### BRIEF:
In the data below, find each line containing the string "midi" and return it.

── PROVIDED DATA ──

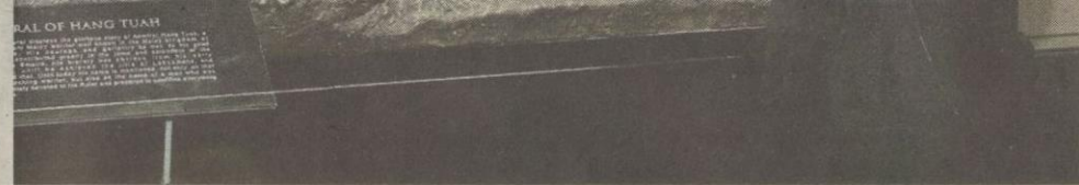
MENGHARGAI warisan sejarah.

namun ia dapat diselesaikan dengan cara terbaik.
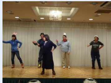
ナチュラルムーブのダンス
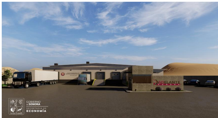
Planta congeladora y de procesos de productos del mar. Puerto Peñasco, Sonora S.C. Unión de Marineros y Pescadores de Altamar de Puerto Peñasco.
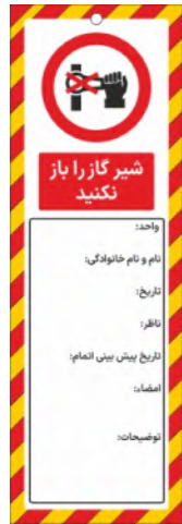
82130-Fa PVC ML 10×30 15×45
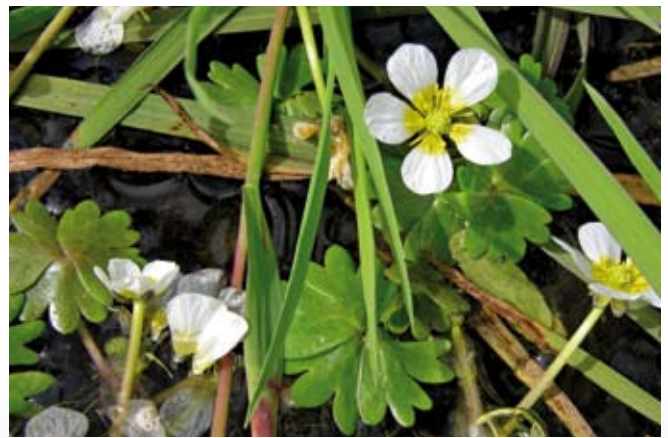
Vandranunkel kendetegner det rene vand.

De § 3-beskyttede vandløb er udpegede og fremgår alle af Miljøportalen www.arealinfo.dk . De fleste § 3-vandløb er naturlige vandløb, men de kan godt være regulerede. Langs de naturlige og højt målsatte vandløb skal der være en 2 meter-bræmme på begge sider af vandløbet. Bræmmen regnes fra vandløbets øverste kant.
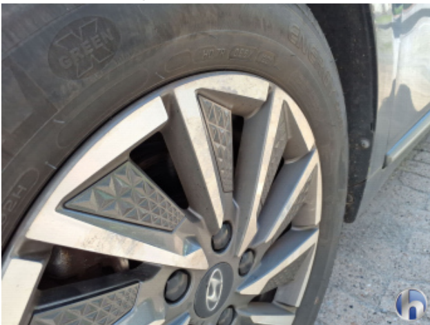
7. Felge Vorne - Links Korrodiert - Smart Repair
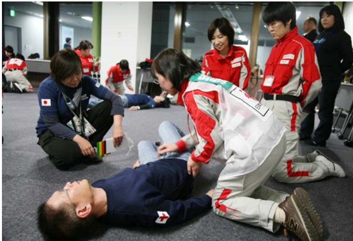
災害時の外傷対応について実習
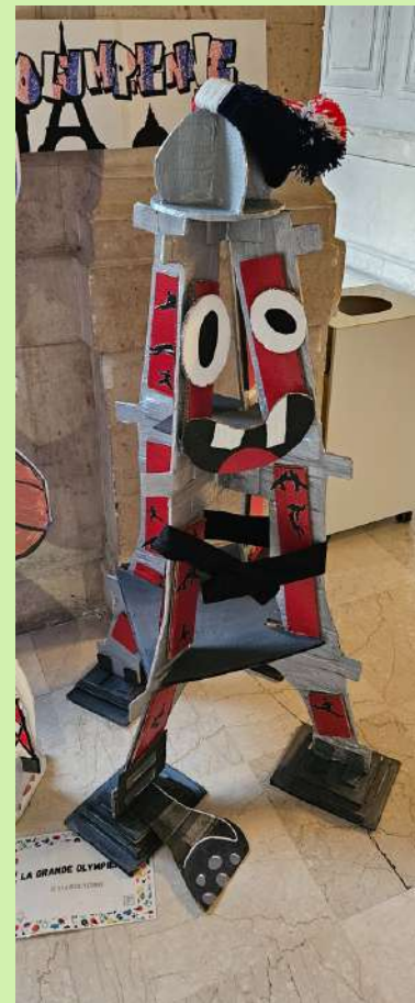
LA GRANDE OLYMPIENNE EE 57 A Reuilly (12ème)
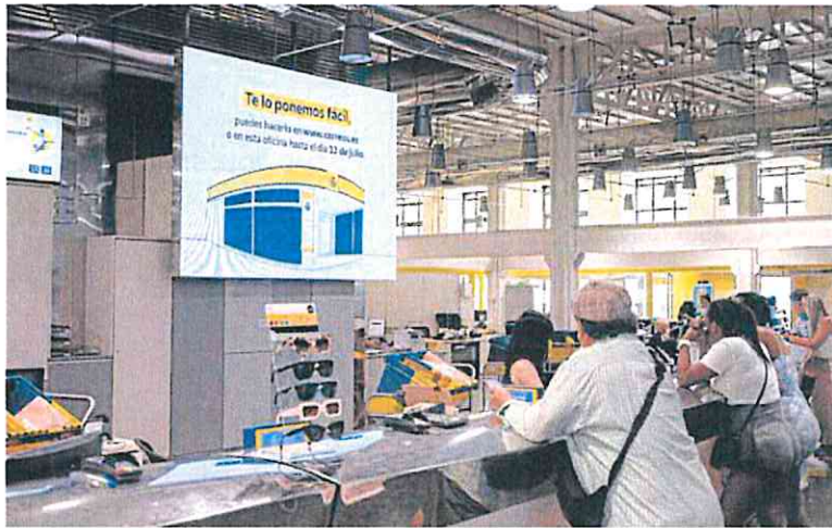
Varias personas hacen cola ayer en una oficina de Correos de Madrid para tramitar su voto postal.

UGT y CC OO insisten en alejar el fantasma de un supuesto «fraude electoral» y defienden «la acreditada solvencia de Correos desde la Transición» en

───
── PROVIDED DATA ──

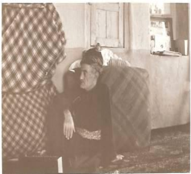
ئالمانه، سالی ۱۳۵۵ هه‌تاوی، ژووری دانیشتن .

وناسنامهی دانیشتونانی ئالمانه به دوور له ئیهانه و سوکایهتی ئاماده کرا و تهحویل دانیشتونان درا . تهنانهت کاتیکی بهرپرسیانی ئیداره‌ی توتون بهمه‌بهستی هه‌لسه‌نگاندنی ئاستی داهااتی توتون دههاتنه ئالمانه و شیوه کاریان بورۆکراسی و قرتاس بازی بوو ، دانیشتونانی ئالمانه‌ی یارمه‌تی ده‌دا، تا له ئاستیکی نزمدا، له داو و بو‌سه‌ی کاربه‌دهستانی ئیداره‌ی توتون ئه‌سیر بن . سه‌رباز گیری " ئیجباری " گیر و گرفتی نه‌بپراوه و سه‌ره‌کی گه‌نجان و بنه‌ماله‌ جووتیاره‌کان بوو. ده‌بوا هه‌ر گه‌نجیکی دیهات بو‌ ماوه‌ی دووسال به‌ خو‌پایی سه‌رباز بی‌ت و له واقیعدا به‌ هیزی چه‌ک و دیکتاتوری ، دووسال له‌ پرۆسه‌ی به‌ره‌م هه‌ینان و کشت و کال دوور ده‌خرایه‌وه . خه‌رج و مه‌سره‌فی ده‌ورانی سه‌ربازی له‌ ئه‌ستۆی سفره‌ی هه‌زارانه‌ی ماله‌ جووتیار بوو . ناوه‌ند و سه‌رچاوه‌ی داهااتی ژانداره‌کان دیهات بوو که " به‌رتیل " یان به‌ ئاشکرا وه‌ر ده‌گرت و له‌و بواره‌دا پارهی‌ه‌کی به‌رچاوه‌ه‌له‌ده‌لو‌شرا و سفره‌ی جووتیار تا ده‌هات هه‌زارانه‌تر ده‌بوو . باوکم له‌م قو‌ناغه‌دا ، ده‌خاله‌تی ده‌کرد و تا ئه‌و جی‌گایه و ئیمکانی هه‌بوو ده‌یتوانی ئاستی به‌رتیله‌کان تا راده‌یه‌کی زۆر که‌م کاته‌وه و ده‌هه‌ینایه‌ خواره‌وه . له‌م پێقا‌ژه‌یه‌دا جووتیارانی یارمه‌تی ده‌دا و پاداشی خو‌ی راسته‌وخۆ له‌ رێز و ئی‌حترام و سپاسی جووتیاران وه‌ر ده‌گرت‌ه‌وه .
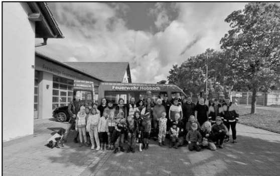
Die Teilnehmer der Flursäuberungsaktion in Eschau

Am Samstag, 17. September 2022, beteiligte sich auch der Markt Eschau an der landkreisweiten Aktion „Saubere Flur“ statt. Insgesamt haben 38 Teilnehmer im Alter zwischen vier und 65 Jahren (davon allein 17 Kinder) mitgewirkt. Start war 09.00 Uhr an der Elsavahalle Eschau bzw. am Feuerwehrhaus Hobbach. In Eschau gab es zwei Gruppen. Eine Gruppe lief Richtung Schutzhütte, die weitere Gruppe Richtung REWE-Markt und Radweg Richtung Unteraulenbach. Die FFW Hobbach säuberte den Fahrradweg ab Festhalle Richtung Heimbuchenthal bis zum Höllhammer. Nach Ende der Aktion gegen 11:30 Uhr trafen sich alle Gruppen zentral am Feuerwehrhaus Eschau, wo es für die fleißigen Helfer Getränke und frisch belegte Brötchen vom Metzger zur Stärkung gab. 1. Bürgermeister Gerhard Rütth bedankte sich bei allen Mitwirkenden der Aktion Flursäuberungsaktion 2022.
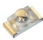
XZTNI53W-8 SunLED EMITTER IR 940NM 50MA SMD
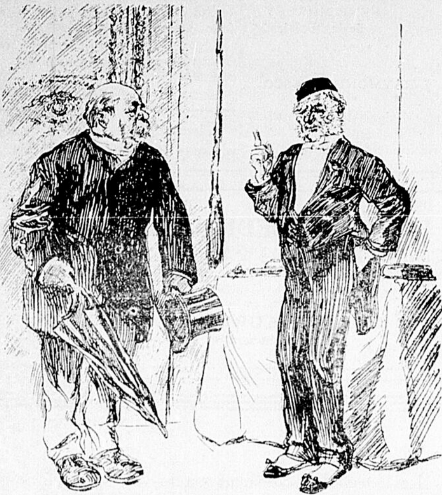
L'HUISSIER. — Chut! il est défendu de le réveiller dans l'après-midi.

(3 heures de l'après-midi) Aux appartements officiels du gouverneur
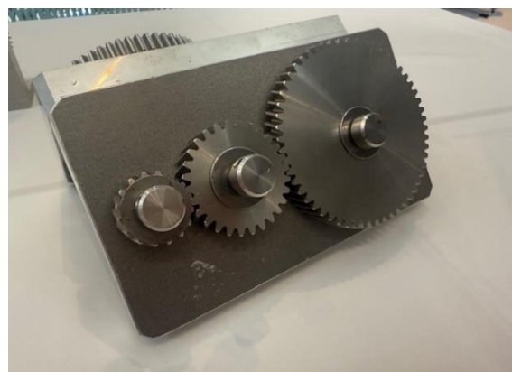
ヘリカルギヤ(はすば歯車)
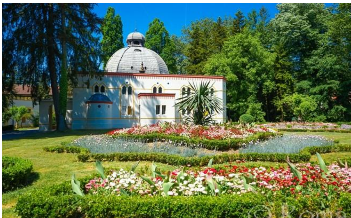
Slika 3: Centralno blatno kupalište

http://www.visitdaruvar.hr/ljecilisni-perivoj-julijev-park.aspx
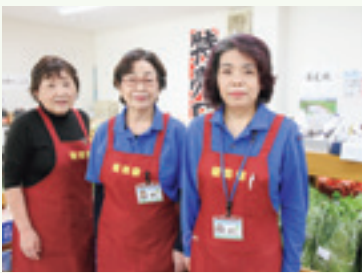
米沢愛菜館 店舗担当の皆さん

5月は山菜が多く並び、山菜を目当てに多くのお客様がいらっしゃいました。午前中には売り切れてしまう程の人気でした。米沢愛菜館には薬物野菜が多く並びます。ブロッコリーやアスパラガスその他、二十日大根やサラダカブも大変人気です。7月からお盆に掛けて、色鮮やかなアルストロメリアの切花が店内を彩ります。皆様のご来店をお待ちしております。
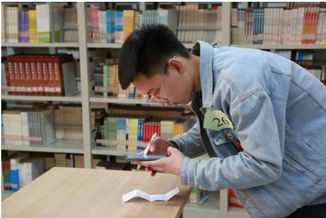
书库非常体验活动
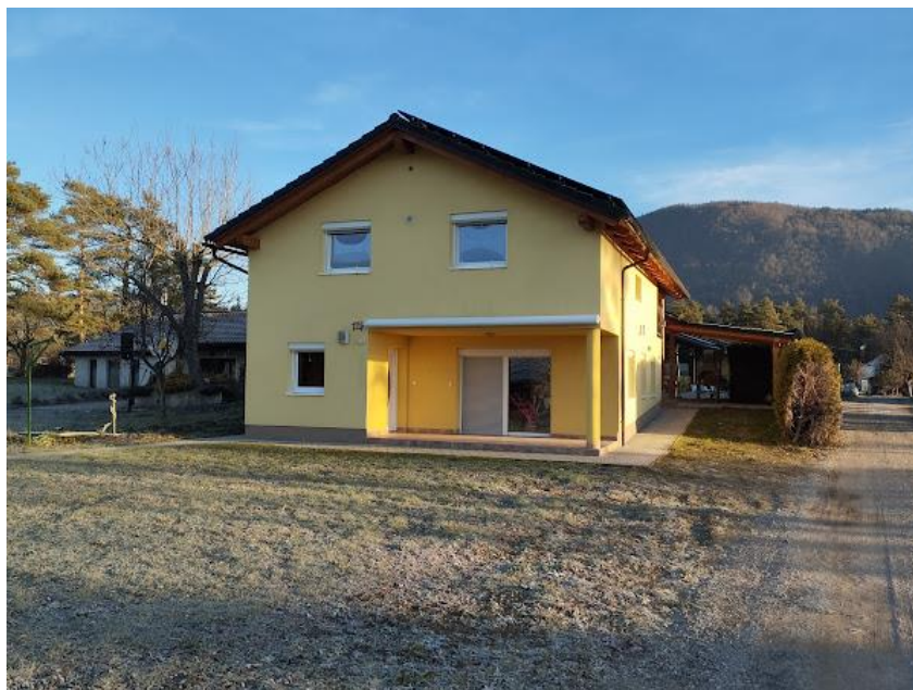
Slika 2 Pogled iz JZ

───
── PROVIDED DATA ──

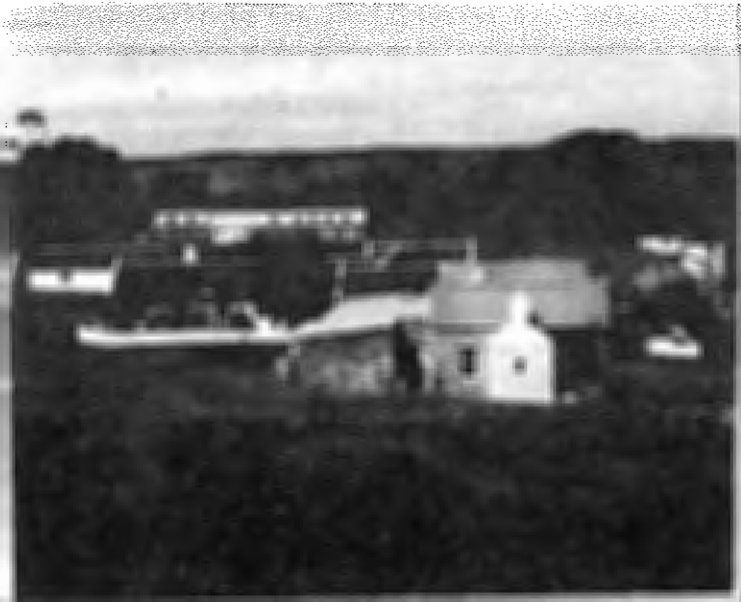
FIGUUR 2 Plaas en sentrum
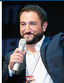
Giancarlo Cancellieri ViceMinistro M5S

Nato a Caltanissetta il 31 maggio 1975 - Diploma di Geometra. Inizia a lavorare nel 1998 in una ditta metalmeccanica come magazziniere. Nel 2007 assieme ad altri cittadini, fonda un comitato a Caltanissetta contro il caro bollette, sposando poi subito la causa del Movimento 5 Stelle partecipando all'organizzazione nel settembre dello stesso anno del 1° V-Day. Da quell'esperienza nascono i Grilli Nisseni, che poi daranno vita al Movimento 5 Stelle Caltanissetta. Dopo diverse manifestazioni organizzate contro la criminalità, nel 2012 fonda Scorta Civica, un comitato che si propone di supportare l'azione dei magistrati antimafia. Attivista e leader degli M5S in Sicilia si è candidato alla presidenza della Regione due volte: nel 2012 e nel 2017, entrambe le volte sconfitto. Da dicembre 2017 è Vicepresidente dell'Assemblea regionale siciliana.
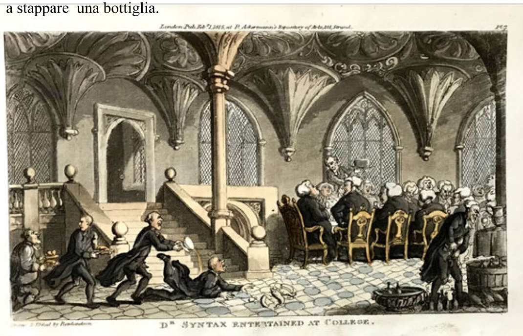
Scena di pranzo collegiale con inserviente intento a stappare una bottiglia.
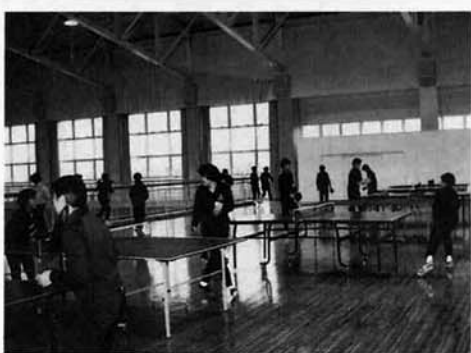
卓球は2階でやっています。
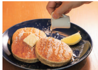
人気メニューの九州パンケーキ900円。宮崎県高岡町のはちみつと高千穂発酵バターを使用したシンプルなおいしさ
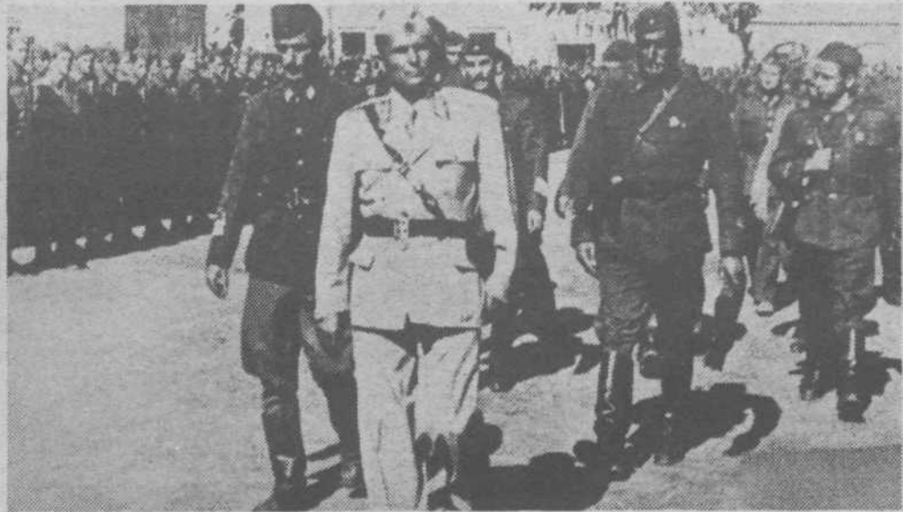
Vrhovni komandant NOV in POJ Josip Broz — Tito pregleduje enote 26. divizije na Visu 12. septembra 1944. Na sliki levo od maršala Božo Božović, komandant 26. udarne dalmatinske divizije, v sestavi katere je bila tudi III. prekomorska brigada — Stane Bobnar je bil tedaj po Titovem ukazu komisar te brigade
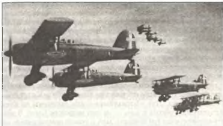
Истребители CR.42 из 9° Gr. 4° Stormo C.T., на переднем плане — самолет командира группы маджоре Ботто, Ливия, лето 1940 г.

───

### TASK SOLUTION:
L'HUISSIER. — Chut! il est défendu de le réveiller dans l'après-midi.
(3 heures de l'après-midi) Aux appartements officiels du gouverneur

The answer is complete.